Exercise data: Begin

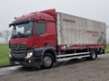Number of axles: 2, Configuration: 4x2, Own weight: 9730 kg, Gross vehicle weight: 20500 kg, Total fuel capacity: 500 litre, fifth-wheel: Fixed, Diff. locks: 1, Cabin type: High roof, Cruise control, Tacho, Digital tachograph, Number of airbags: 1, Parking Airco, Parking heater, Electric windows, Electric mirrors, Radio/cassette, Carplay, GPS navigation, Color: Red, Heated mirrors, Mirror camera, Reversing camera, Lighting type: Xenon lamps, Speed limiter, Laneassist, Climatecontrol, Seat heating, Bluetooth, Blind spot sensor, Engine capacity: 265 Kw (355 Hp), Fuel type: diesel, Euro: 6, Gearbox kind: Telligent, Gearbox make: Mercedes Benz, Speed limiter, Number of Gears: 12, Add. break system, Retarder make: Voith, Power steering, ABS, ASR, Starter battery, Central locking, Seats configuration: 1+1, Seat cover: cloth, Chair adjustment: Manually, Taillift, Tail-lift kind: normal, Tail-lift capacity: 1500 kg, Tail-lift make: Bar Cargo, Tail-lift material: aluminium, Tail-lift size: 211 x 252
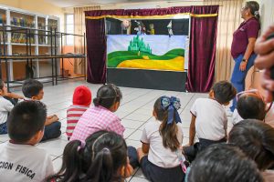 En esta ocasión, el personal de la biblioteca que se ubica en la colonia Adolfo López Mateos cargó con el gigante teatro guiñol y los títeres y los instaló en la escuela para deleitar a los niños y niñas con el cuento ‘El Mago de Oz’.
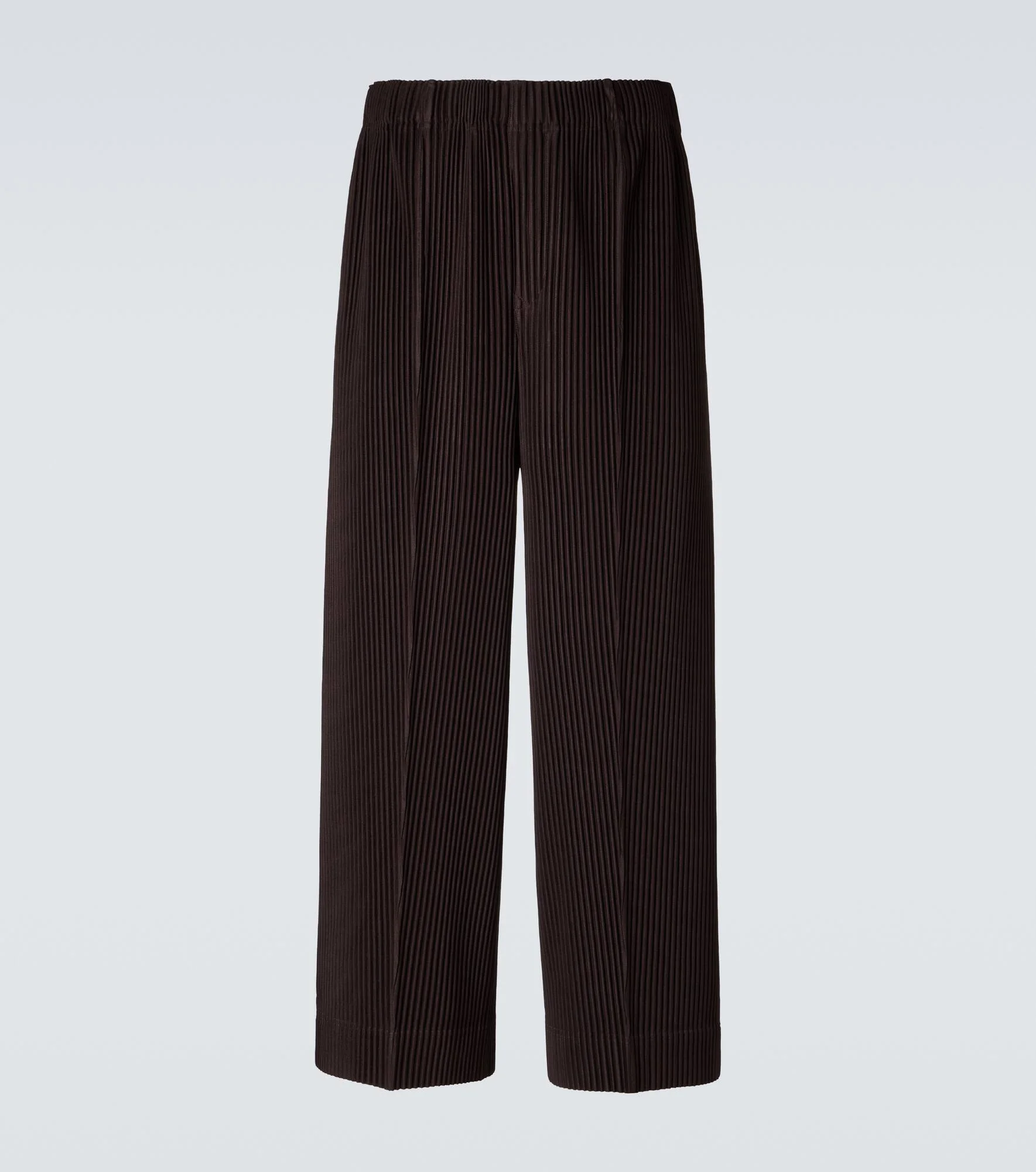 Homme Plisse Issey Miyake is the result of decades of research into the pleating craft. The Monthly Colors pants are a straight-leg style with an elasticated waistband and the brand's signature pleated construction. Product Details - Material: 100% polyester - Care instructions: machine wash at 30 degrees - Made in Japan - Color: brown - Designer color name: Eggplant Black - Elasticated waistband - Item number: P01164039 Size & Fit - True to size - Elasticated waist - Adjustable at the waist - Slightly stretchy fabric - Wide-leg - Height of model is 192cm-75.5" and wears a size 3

Exercise data: End

**Goal of the exercise:**
Starting at the top of the listing above, reproduce each line up to and including the one with "En esta ocasión, el"; omit the pictures.

**Response box:**
Number of axles: 2, Configuration: 4x2, Own weight: 9730 kg, Gross vehicle weight: 20500 kg, Total fuel capacity: 500 litre, fifth-wheel: Fixed, Diff. locks: 1, Cabin type: High roof, Cruise control, Tacho, Digital tachograph, Number of airbags: 1, Parking Airco, Parking heater, Electric windows, Electric mirrors, Radio/cassette, Carplay, GPS navigation, Color: Red, Heated mirrors, Mirror camera, Reversing camera, Lighting type: Xenon lamps, Speed limiter, Laneassist, Climatecontrol, Seat heating, Bluetooth, Blind spot sensor, Engine capacity: 265 Kw (355 Hp), Fuel type: diesel, Euro: 6, Gearbox kind: Telligent, Gearbox make: Mercedes Benz, Speed limiter, Number of Gears: 12, Add. break system, Retarder make: Voith, Power steering, ABS, ASR, Starter battery, Central locking, Seats configuration: 1+1, Seat cover: cloth, Chair adjustment: Manually, Taillift, Tail-lift kind: normal, Tail-lift capacity: 1500 kg, Tail-lift make: Bar Cargo, Tail-lift material: aluminium, Tail-lift size: 211 x 252
 En esta ocasión, el personal de la biblioteca que se ubica en la colonia Adolfo López Mateos cargó con el gigante teatro guiñol y los títeres y los instaló en la escuela para deleitar a los niños y niñas con el cuento ‘El Mago de Oz’.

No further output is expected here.